Bleach is one of the most useful tools you must familiarise yourself with if you want to lighten your hair. However, bleach is damaging to the hair, and even if you use Olaplex or other bond restorers you still want to use it conservatively. A bleach bath for hair is a different formulation that is more gentle than a regular full bleach.
What Is A Bleach Bath Used For?
In order to bleach your hair you mix bleach powder with peroxide and apply it to the sections of dry hair that you want to lighten. The bleach mixture will be more or less harsh depending on the volume of peroxide used, and any other additives like Olaplex. It will lift virgin or dyed hair until you wash it off or your hair chemically burns and breaks off. AÂ bleach wash on hair is nowhere as damaging to the hair, but doesn’t have the same dramatic results either.

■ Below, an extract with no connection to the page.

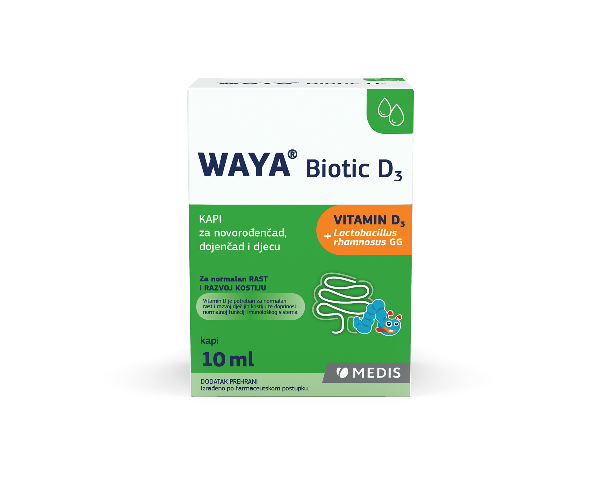 7 kapi sadrži potrebnu dnevnu količinu vitamina D prema preporukama pedijatara (400 I. J.). 7 kapi sadrži najmanje 1,4 milijarde ćelija mikroinkapsuliranog probiotičkog soja Lactobacillus rhamnosus GG.

However, sometimes you don’t need the full lightening power of a hair bleach process. Maybe you are dealing with fragile, overprocessed hair. Or you only want to lift the hair colour subtly, or remove pastel hair dye from your hair. Regular bleach would be too much damage to your hair for little benefit. Enter the hair bleach bath.
Unlike regular bleach, a bleach bath has shampoo added to the mixture, and it’s applied to wet instead of dry hair. Usually the peroxide used is lower volume that for a full bleach. It’s much gentler on the hair, and can be applied quickly all over the head for more even results. Learning how to do a bleach wash is easy, and can make all the difference between a failed hair color job and successful color correction. Using a bleach wash on hair is perfect if you just want to color correct or remove rainbow hair dye, but it won’t make your hair go blonde.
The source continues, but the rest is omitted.